Archive for April, 2006

When segmentation goes bad

April 28, 2006

Orange’s latest campaign, for me, is a prime example of how not to use a consumer segmentation. 

orange_animals.jpg

 
They’ve developed a reasonable seeming, pan-European, psychographic segmentation. Which, according to my friends at Acacia Avenue, is “a mix of psychological and demographic factors providing richer understanding of the deep motivations influencing behaviour”.

But Orange have only bleedin’ gawn and turned it around and showed it to their customers! I’m sure that’s not what you’re meant to do?! If you were, businesses could just publish their McKinsey-authored strategy, and customers would just fall all over them.

I’m pretty sure segmentation is meant to be used to:

  • Create personas and use-case scenarios for product and service development.
  • Help the organisation internalise a view of who their customers really are as people, not just revenue-earning units.
  • Develop communications messaging and media targeting.

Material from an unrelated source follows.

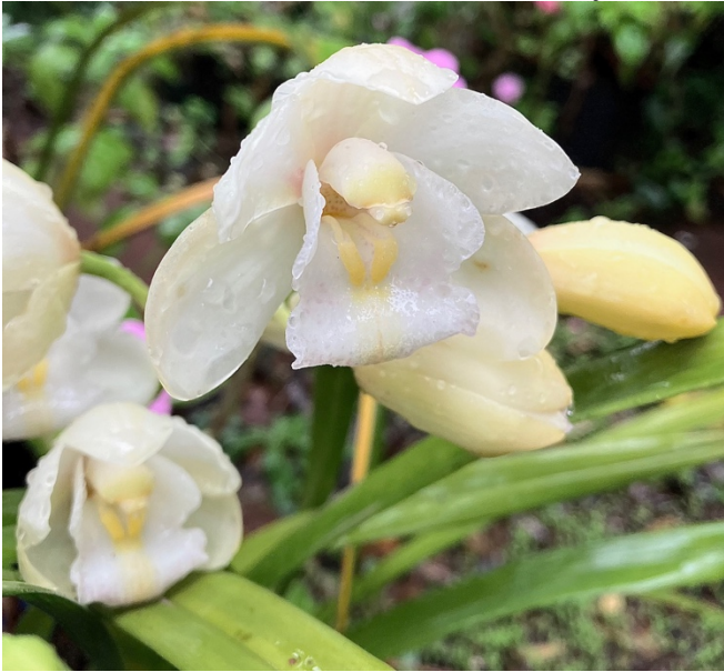
Cymbidium Snow Court 'Altissima'

I’m pretty sure it’s not meant to be used to:

  • Provide an advertising veneer for an unchanged and over-complicated set of tariffs.
  • Patronise customers by asking them to self-identify with a generalised set of behaviours that nobody exhibits in reality.

Lastly, as my friend Mark Gent observed yesterday, if you were going to ask customers to compare themselves to animals, would you really want to choose the Racoon – best known for rummaging in dustbins? Who’d want to identify with that behaviour?

 

 

 

Disclosure 1: Orange has been a client of mine on two occasions in the past.

Disclosure 2: I was involved in the very early stages of developing Orange’s consumer segmentation, with the lovely Captain Haddock of Plot. Back then, we imagined it would be used to create exciting new service design concepts.

Disclosure 3: My friends at the branding agency Figtree had something to do with developing this campaign. They know I think it’s whack, I also know I’d be delighted to eat my hat if I’m proved wrong and that Orange’s sales explode as a result of this bold new approach.

Disclosure 4: My old employer Ingram have recently been shafted by Orange and their unique brand of France Telecom inspired politics. But I wrote this post in my mind long before that happened, so it’s not sour grapes.

Disclosure 5: I don’t think I’ve ever read a blog post where the disclosures are longer than the real content before.